• About this exercise:
Report every line of the listing below in which the string "Ajax" appears.

------ Input for this task ------

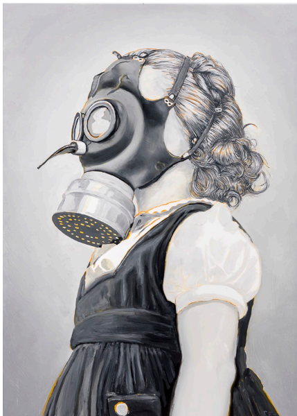
Children's Gas Mask. Oil on canvas, 140 x 100 cm, 2020 →
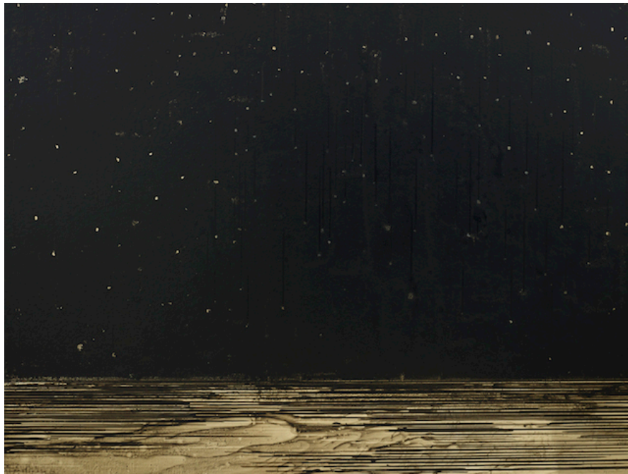
Teresita Fernández “Golden (Onyx Sky)”

Thursday, October 2, 2014 – Friday, January 16, 2015
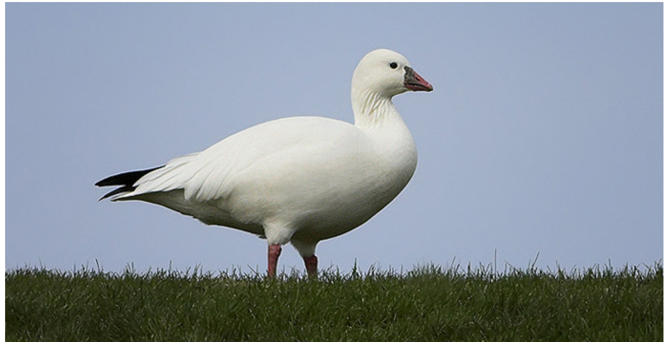
Adult Ross's Goose at Bayly Street and Shoal Point Road, Ajax, Durham, 15 October 2009.

ROSS'S GOOSE - 1 at Reesor Pond, York @ 12:00hrs on 8<sup>th</sup> [No doc. seen] (SLo fide ONTBIRDS). 1 AD at Bayly St & Shoal Pt Rd, Ajax, Durham on 15<sup>th</sup> (JES fide RPye), seen in am while driving to Cranberry Marsh hawkwatch; still there on return in pm so stopped to photograph it. Only later (2 Nov 2009) realized it might be a Ross's Goose. 1 JUV at Lynde Shores C. A. (S end of Lynde Creek Marsh), Durham on 17<sup>th</sup> [No doc. seen] (AA fide ONTBIRDS).
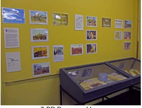
7-BR Peace and Iraq
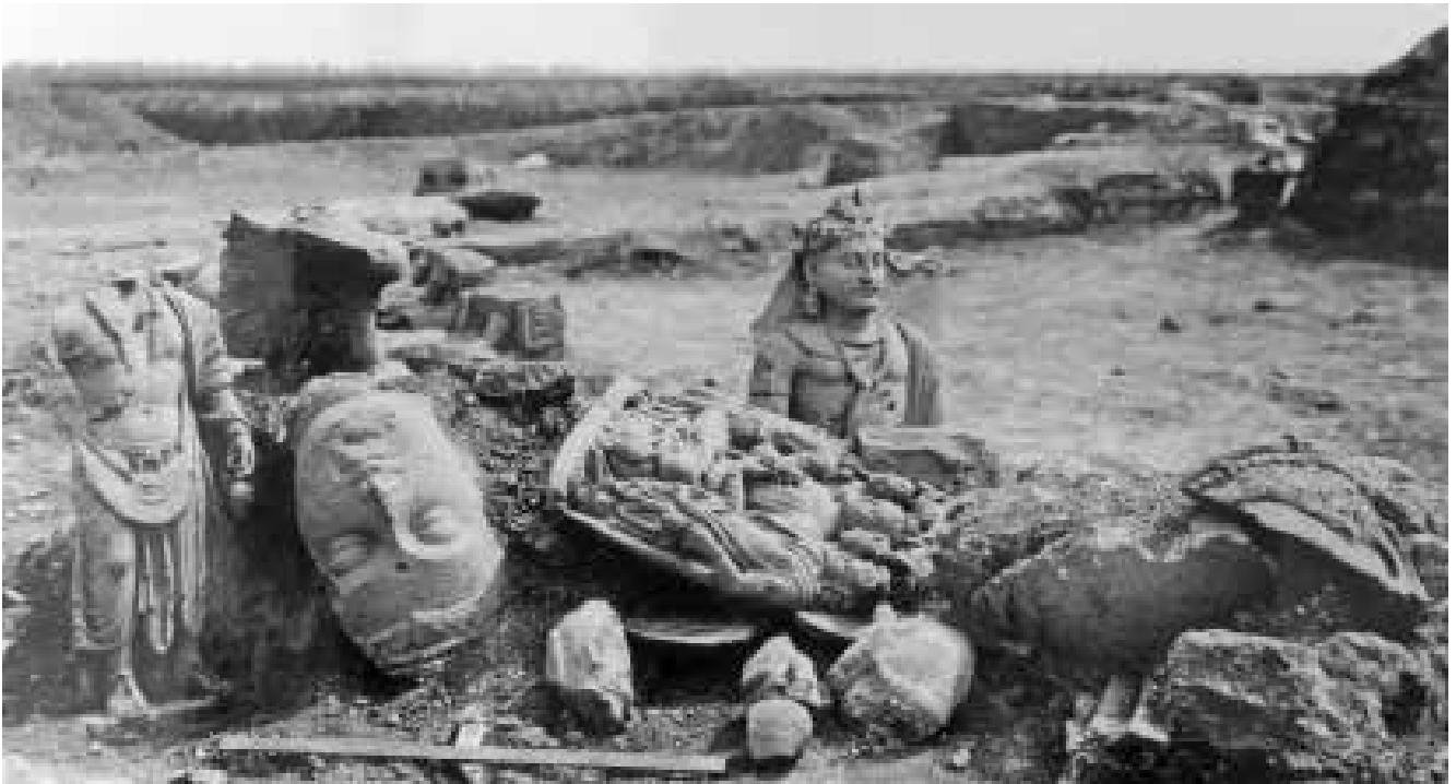
Figure 3 Detail of a stupa base at Mound D, Sahri-Bahlol, with re-used sculptures in situ

coins all of the 'Later Kushans' (i.e. Kanishka II to Kipunada, c. mid 3rd–4th century AD) and their successors (i.e. Kidarites, 4th–5th century AD) from mound F. 40
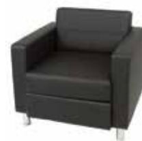
LG716 MALIBU CHAIR WITH POWER Black, White 32"Wx31"Dx29"H
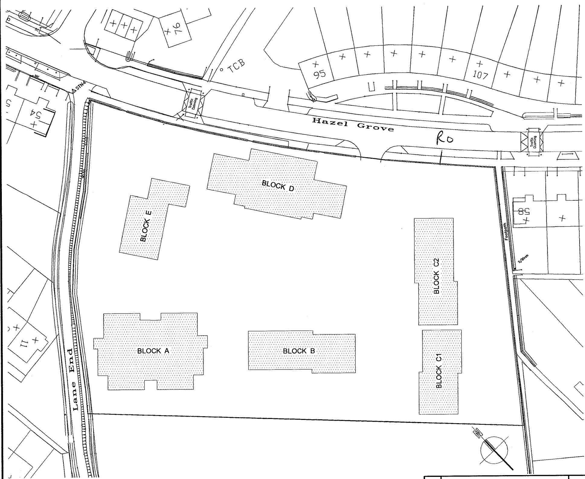
Proposed Site Block Plan 1:500 @A3
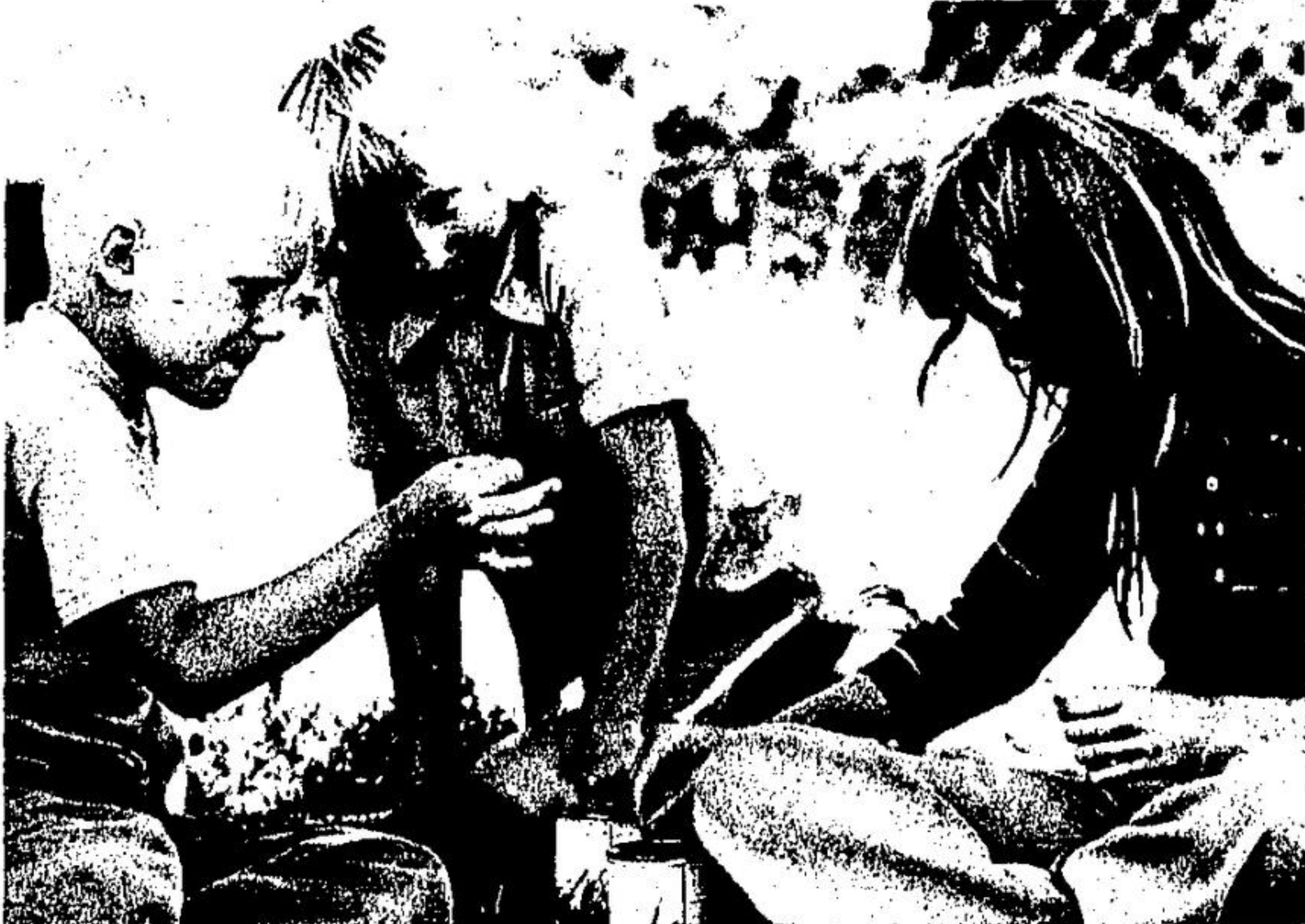
THIS IS THE "dip-it" group. By bending thin wires and immersing them into a special liquid called "dip-it" the children at Harrison

------

• Answer to this problem:
Adult Ross's Goose at Bayly Street and Shoal Point Road, Ajax, Durham, 15 October 2009.
ROSS'S GOOSE - 1 at Reesor Pond, York @ 12:00hrs on 8<sup>th</sup> [No doc. seen] (SLo fide ONTBIRDS). 1 AD at Bayly St & Shoal Pt Rd, Ajax, Durham on 15<sup>th</sup> (JES fide RPye), seen in am while driving to Cranberry Marsh hawkwatch; still there on return in pm so stopped to photograph it. Only later (2 Nov 2009) realized it might be a Ross's Goose. 1 JUV at Lynde Shores C. A. (S end of Lynde Creek Marsh), Durham on 17<sup>th</sup> [No doc. seen] (AA fide ONTBIRDS).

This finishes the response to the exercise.